Tren ketenagakerjaan menuntut pekerja yang kreatif serta fleksibel secara kognitif dan emosional. Orientasi budaya dan pola kerja pun bergeser menjadi keseimbangan kehidupan pribadi dan pekerjaan (work-life balance) yang memberikan fleksibilitas waktu sehingga pekerja dapat menghabiskannya untuk keluarga dan mengembangkan diri tetapi tetap produktif.
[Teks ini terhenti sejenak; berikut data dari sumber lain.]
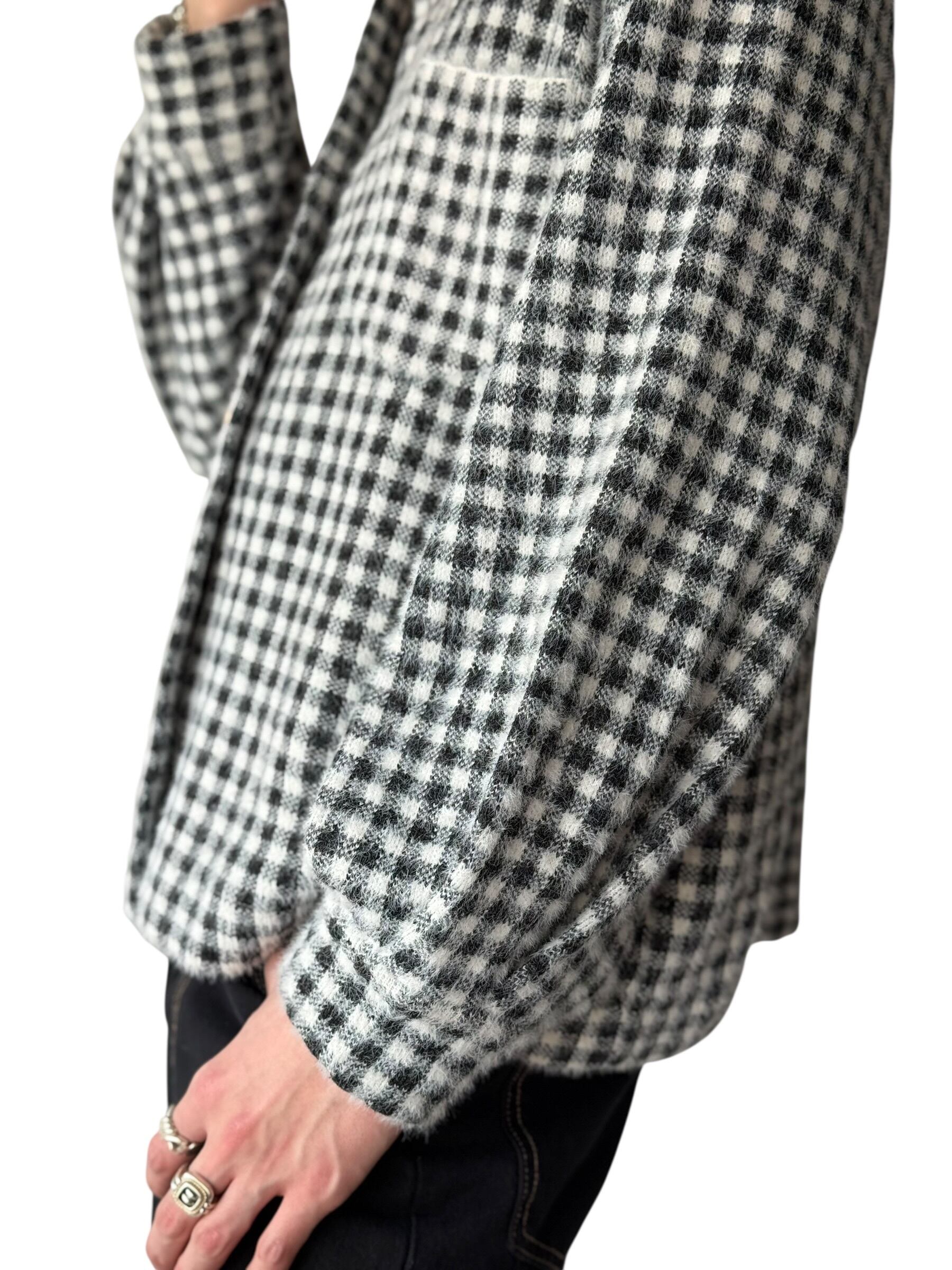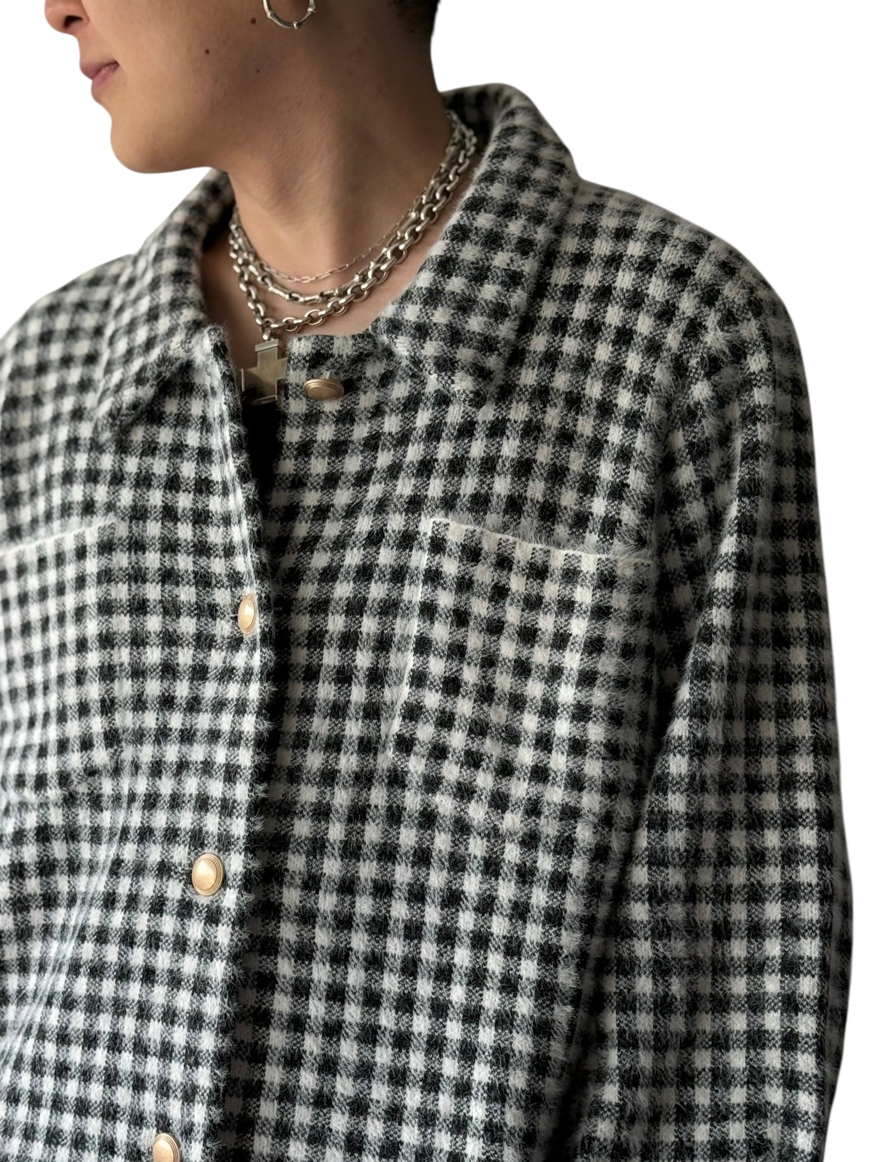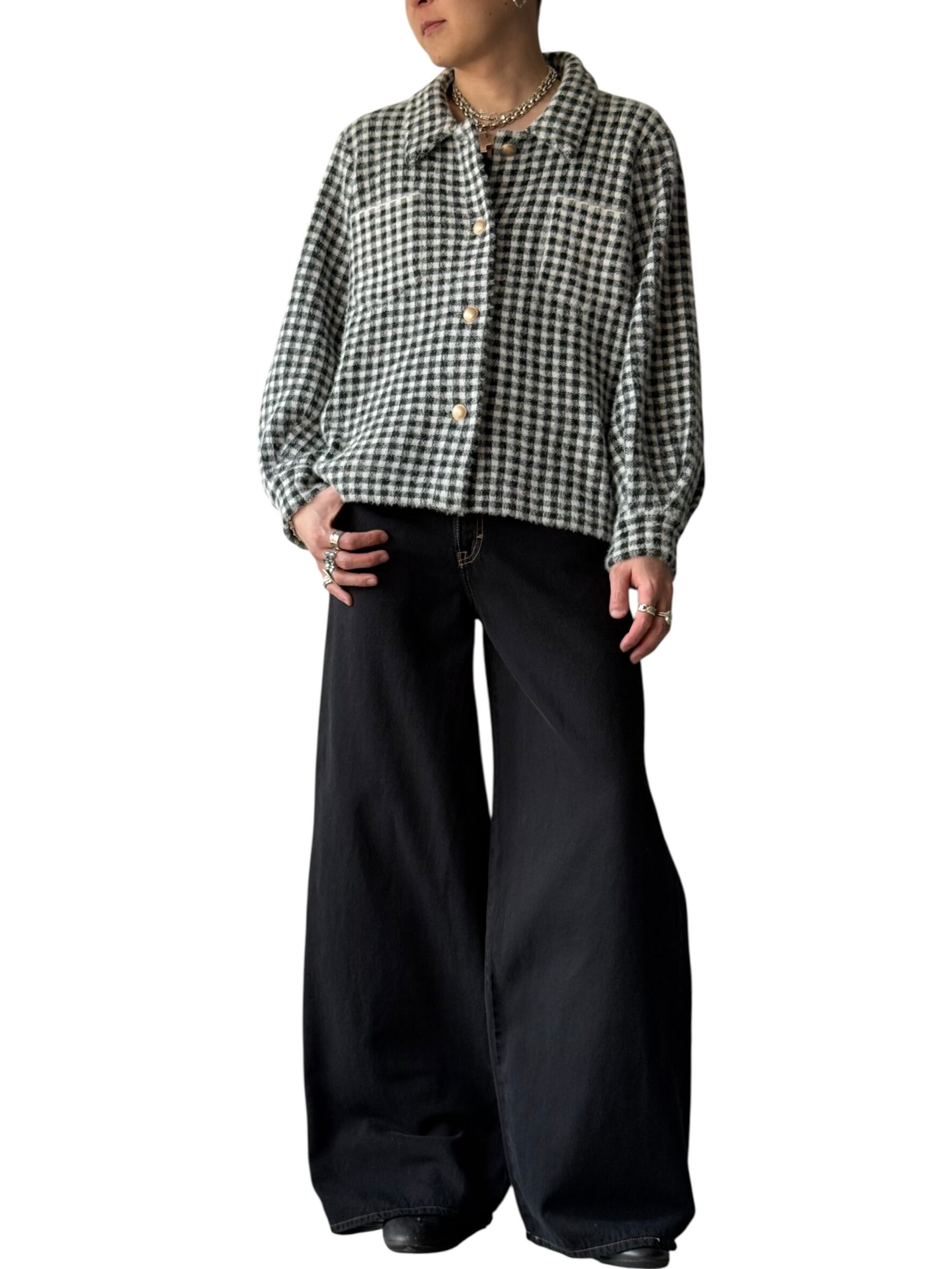 【MAX STUDIO】Birdseye pattern gingham check shaggy knit trucker jacket

Ketua Komite Tenaga Kerja dan Jaminan Sosial untuk Upah Asosiasi Pengusaha Indonesia (Apindo) Aloysius Budi Santoso menambahkan, bentuk kesejahteraan pekerja pun akan bergeser. Tak hanya mempersoalkan upah, kesejahteraan pun meliputi peningkatan kompetensi pekerja dan keterikatan yang membuat pekerja merasa perusahaan sebagai rumah kedua.
Pengusaha dan pekerja juga mesti mencapai titik optimum ketika menghadapkan kepentingan masing-masing. ”Titik optimum ini berupa produktivitas dan daya saing yang tecermin dari produk akhir,” ujarnya.